Lewellen gave Hintz an "F" on the midterm. Hintz, who'd always scored well
on standardized tests, went to see Lewellen about the grade.
Lewellen looked up steely-eyed
from his reading and said, "Mr. Hintz, I am indifferent to your success
or failure." Taking it as a challenge, Hintz went on to read "everything
Lewellen ever wrote." He aced the final, but much to his surprise, Lewellen
averaged the two grades and awarded Hintz a "C" in the class.
After a tour in Vietnam,
a master's degree in systems management at the University of Southern California,
a master's degree in finance from the Wharton School, and stints at
Standard Oil of California and the Northern Trust Co., Hintz became the treasurer
of Anderson Clayton & Company (a Fortune 200 consumer product company
in Houston). Upon this event, he wrote Lewellen a note reminding him of the
first finance course and the final grade, and thanked him for his start in
finance. Lewellen wrote back, tongue firmly in cheek, "I am still indifferent
to your success or failure, Mr. Hintz."
Hintz laughs at the memory. "We're fast friends.

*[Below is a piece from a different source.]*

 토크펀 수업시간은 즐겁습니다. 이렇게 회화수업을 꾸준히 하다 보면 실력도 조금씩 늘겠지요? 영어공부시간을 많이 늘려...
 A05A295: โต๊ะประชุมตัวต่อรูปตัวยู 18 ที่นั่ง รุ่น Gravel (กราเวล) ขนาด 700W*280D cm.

I love Lewellen's dry sense of humor. Bill's a real player in corporate finance;
there is no one who knows capital markets asset pricing theory as well as
he does, and no one who can explain it as clearly."
Hintz's career then led him to a 13-year stay
on Wall Street, first at Morgan Stanley Group, where he became a partner
of the firm in charge of funding and financing, and then as CFO at Lehman
Brothers in 1996. He took a buyout from Lehman and spent a year in semi-retirement, "being
a dad to my 10-year-old son" and "making up for all the dinners I had missed
with my wife over the years," he says, adding, "Frankly, of all the things
I've done I am most proud of having won the Cub Scout Pinewood Derby with
my son that year."
Hintz is now a sell-side analyst for Sanford C.

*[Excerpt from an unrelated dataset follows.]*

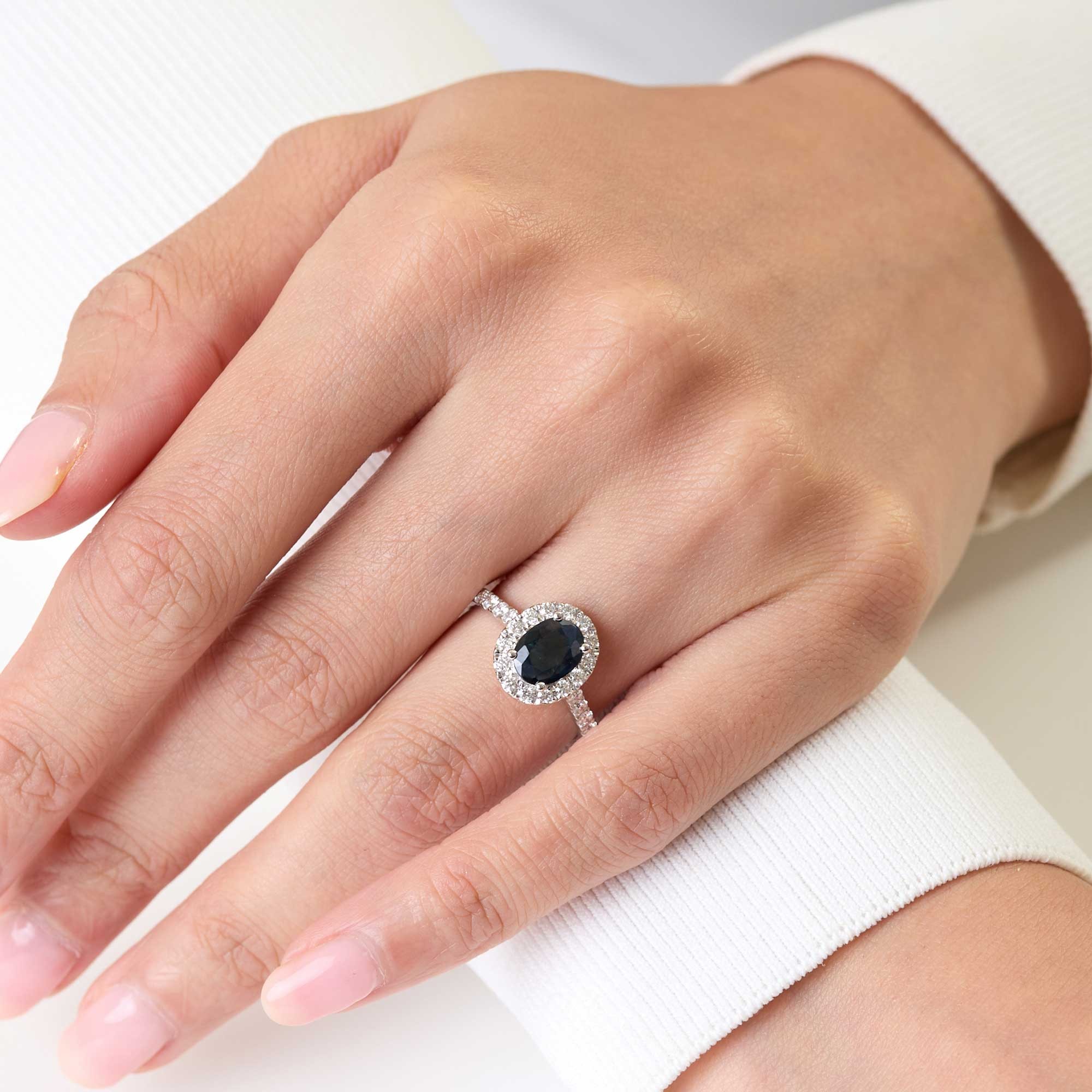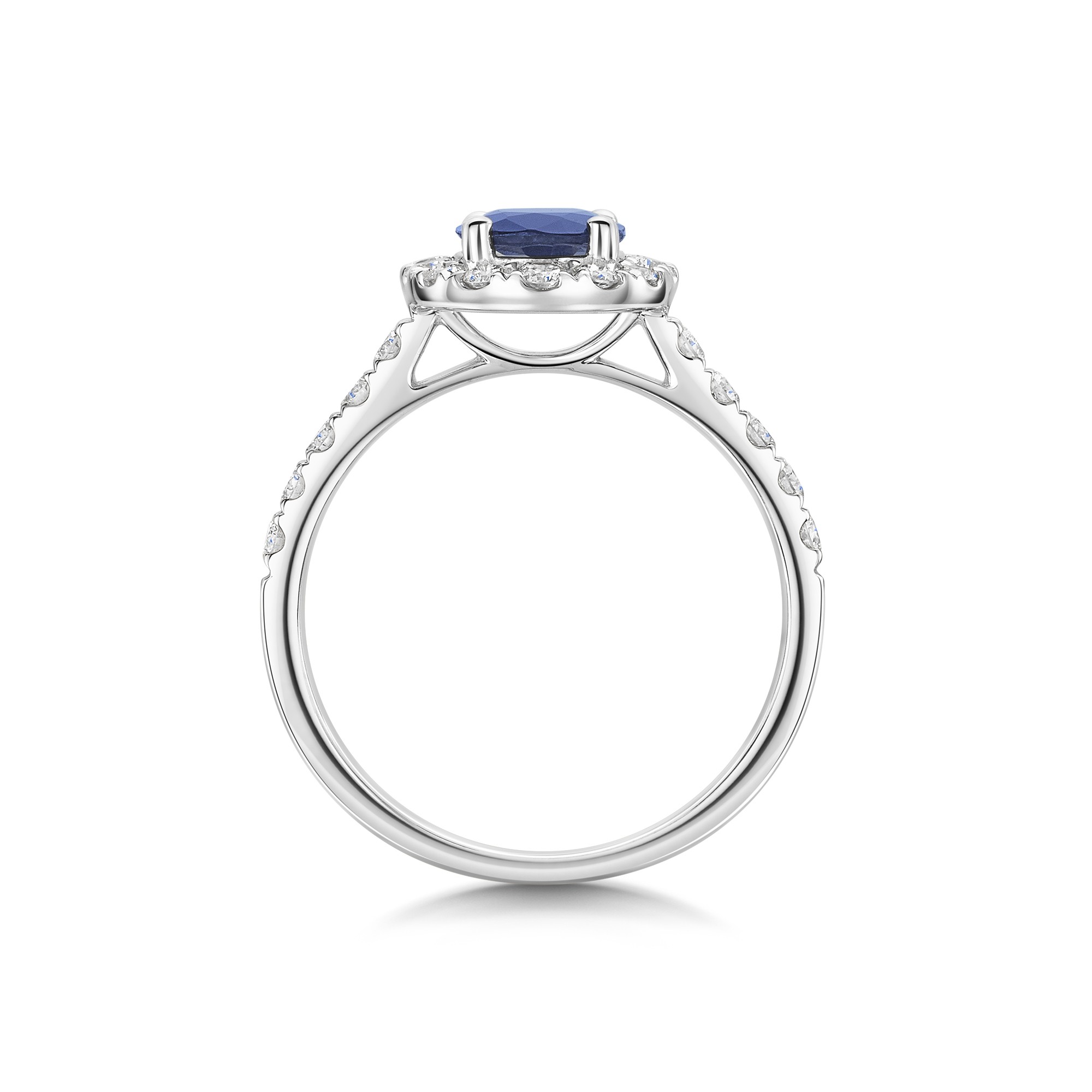 This refined ring centres a 1.40ct oval cut blue sapphire. A halo of diamonds frames the sapphire, with diamond-set shoulders for added fire. The cool tone of 18ct white gold complements the rich blue hue. Designed for her, it offers timeless style with modern polish.

Bernstein & Co. LLC in New York covering the securities industry.
"I'm every
CEO's worst dream -- a CFO who has become an equity analyst," he says. "I'm
following an industry I've learned to love -- but not take too seriously."

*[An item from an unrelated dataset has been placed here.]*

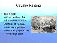 Raiding works best when you have a low ratio of enemy forces to space. Further, it is more successful when you have a friendly civilian population. This worked against Stuart in the east, but the strategy favored Southern raiders in the west. This is because Stuart had neither small enemy forces opposing him nor large space in which to range. And, of course, Pennsylvania did not have a friendly population.
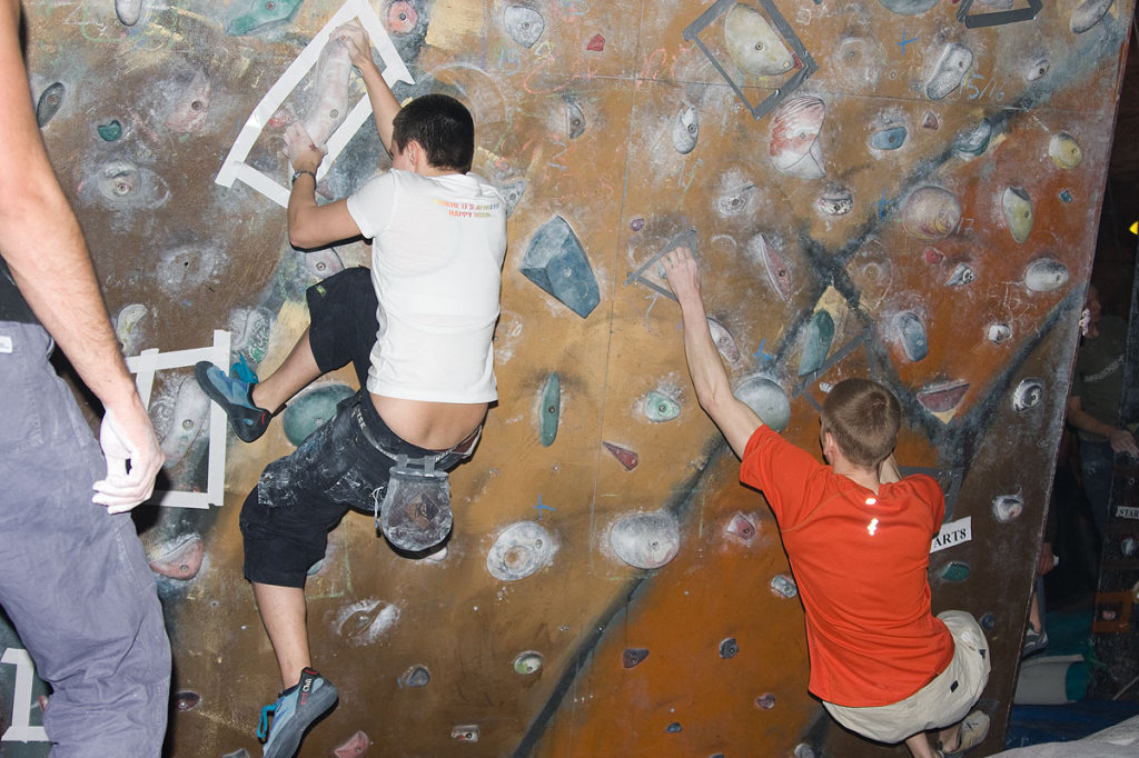 Zostaliśmy siłą zmuszeni przez Asię Zając, ale w sumie było fajnie. Towarzyskie spotkanie wieczorno-nocne w Fortecy. Z Dorotą, Moniką i Marcinem, dopingującym Maharadżą o Kulach, oraz fotografującą Asią z Wielkim Brzuchem 🙂 popełniliśmy kilkanaście baldów, z reguły z sukcesem 🙂 Wynik sportowy nie był może oszałamiający, ale po pierwsze płaciliśmy frycowe w debiucie, a po drugie nie było specjalnego parcia na szkło. Z kilku baldów jestem zadowolony, kilka mogłem zrobić więcej (w poniedziałek puszczały bez problemu), ale najlepsze jaja były jak obserwowałem innych – tam gdzie ja walczyłem „na motyla” o życie – okazywało się, że da się pięknie, lekko i technicznie 😀

He has used Prof. Mike Cooper's SMIF participants
for help on a project to forecast the growth of European capital markets
over the next five years and on a project to predict when Goldman Sachs'
common stock would be included in the S&P 500 index.
"The Krannert
students are well-trained, very quantitative and so comfortable with the
numbers," he says. "That's the basis of finance -- and a tradition at Krannert."
From theStreet.com to GE Capital
Andrew Greta, MBA '99, received his
bachelor's degree in economics from Purdue in 1992 and became a broker at Prudential
Securities. He didn't think he'd be back.
"I decided
I wanted a higher order of intellectual challenge and started looking at
MBA programs," Greta says. "I got accepted at the University of Chicago and
then came down to talk to Logan Jordan (Krannert School associate dean),
who was one of my clients, and Alan Ferrell (Krannert's graduate career services
director).
"They were
very upfront about what I could and couldn't do with a degree in finance
from Krannert. With the emphasis on corporate finance, Wall Street didn't
come looking for Krannert MBAs." However, in corporate finance, there are
still plenty of opportunities to be involved with investing.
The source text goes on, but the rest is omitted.